The custom progress stream's `Write` method is called once for each line emitted, which allows us to start new spans
when a resource starts being constructed, and send them when construction completes. This is currently achieved by
parsing the console output text, but I gather in the future, it will be possible to get streamed JSON blobs that can
be unmarshaled into go structs.
```go
type pulumiBeeline struct {
ctx context.Context
contexts map[string]func()
}
func NewPulumiBeeline(ctx context.Context) *pulumiBeeline {
return &pulumiBeeline{
ctx: ctx,
contexts: map[string]func(){},
}
}
func (cw *pulumiBeeline) Write(p []byte) (n int, err error) {
// todo: make more robust, support modifications, deletions etc.
line := strings.TrimSpace(string(p))
parts := strings.Split(line, " ")
if len(parts) < 5 {
return len(p), nil
}
//+ aws-vpc dev creating
//+ <type> <name> <action>
resourceType := parts[2]
resourceName := parts[3]
resourceAction := parts[4]
if resourceAction == "creating" {
c, s := beeline.StartSpan(cw.ctx, resourceName)
beeline.AddField(c, "type", resourceType)
// add other things here
cw.contexts[resourceName] = s.Send
}
if resourceAction == "created" {
cw.contexts[resourceName]()
}
return len(p), nil
}
```
Modifying the `optup.ProgressStreams` is the only change needed to the original application:
```go
stream := optup.ProgressStreams(os.Stdout, NewPulumiBeeline(ctx))
if _, err := stack.Up(ctx, stream); err != nil {
beeline.AddField(ctx, "err", err)
os.Exit(1)
}
```
When I rerun this program, I can see a lot more information in my Honeycomb traces, which shows me
that Pulumi is _highly_ parallelized and provides a better idea of where the time is spent when creating
infrastructure. In this example, its the NAT Gateways:
![honeycomb traces of all infrastructure resources in the pulumi stack](after.png)

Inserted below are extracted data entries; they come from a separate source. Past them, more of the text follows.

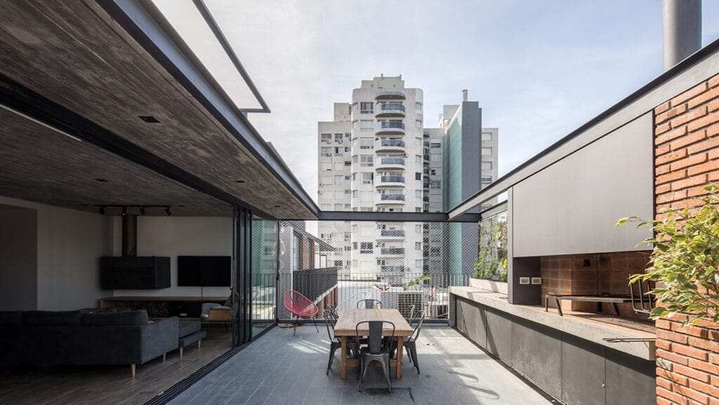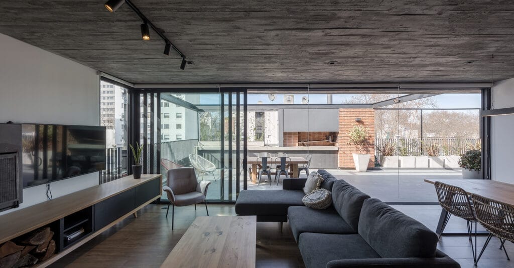 Las unidades de planta baja están diseñadas para brindar una experiencia residencial única. Cuentan con entradas independientes que aseguran la privacidad y la exclusividad de cada unidad. Además, en los niveles superiores, se encuentran ambientes en dúplex de doble altura y un gran loft en la última planta, que ofrece una sensación de amplitud y sofisticación. El diseño interior ha sido cuidadosamente concebido para proporcionar comodidad y funcionalidad en cada espacio, creando un ambiente acogedor y elegante. La elección de los arquitectos de posicionar espacios en doble altura en las unidades, tiene la finalidad de lograr que la luz natural inunde los ambientes, generando una espacialidad sobresaliente, como así lograr una vinculación mas intima entre las unidades del complejo.
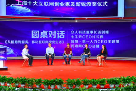 圓桌對話環(huán)節(jié),人民網(wǎng)上海分公司總經(jīng)理金煜純攜手眾人科技董事長談劍峰、七牛云CEO許式偉、智陽.第一人力CEO王穎娜、找油網(wǎng)CEO呂健等嘉賓就“從信息到服務,移動互聯(lián)網(wǎng)改變生活”主題進行了探討。
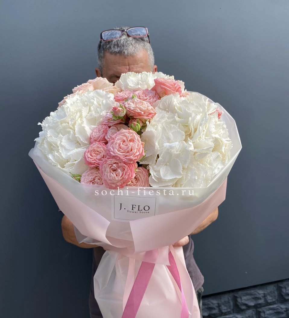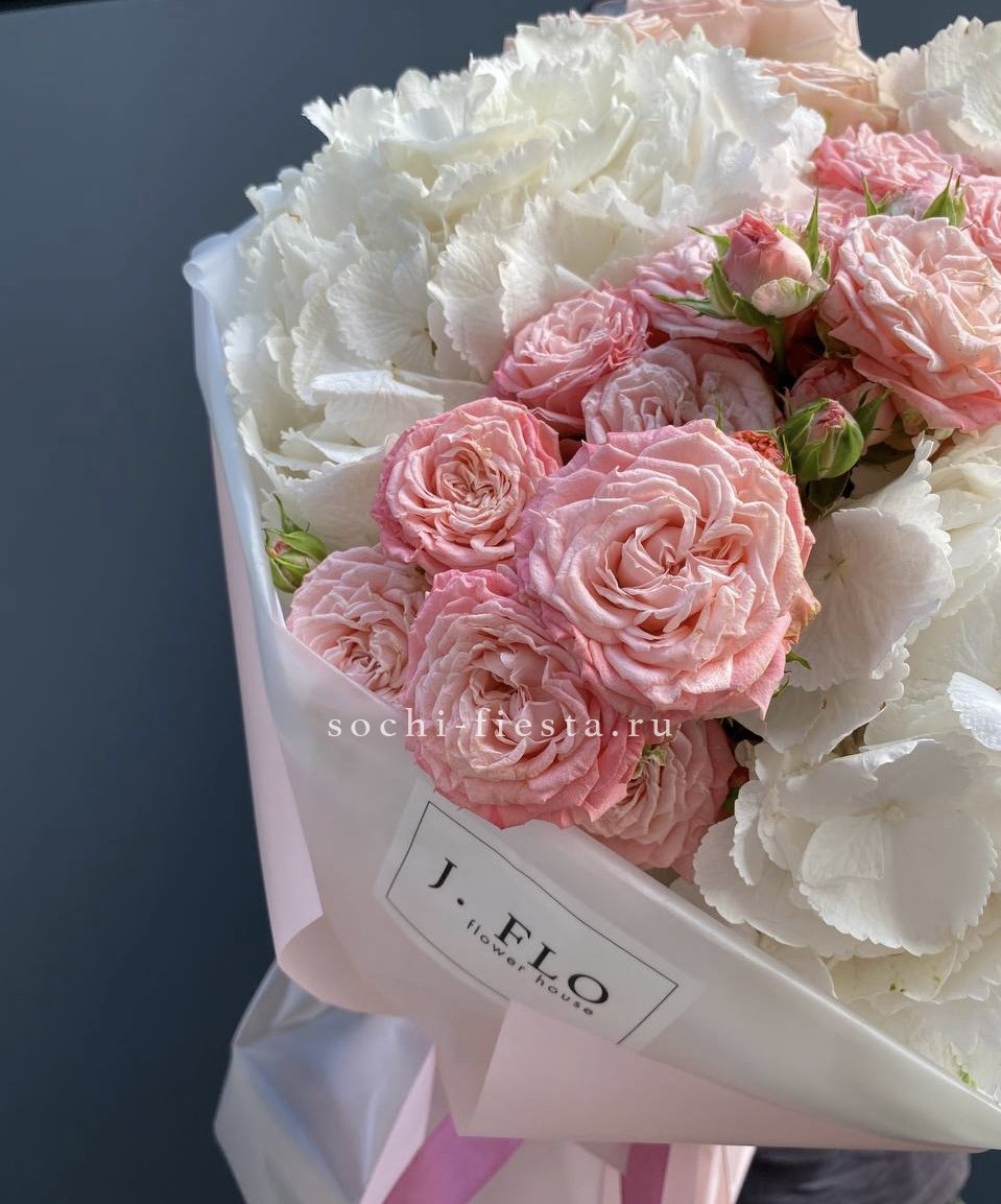Кустовые розы и гортензия собраны в плотный объём с мягкими переходами оттенков. Композиция держит форму и выглядит цельно благодаря продуманной сборке. Подходит для интерьеров в пастельной гамме.

In the future, I want to expand this to cover far more details. Among those details are why resources were
created/modified/destroyed and collecting more information on what causes resources to fail.
## Wrapping Up
In the end, this turned out to be much easier to achieve than I had hoped. Using Pulumi programmatically was a huge
productivity boost, instead of running `os.Exec` directly.
I am looking forward to all the new kinds of tooling I can build to solve my user's problems by continuing to utilize
Honeycomb for my observability and Pulumi for my infrastructure.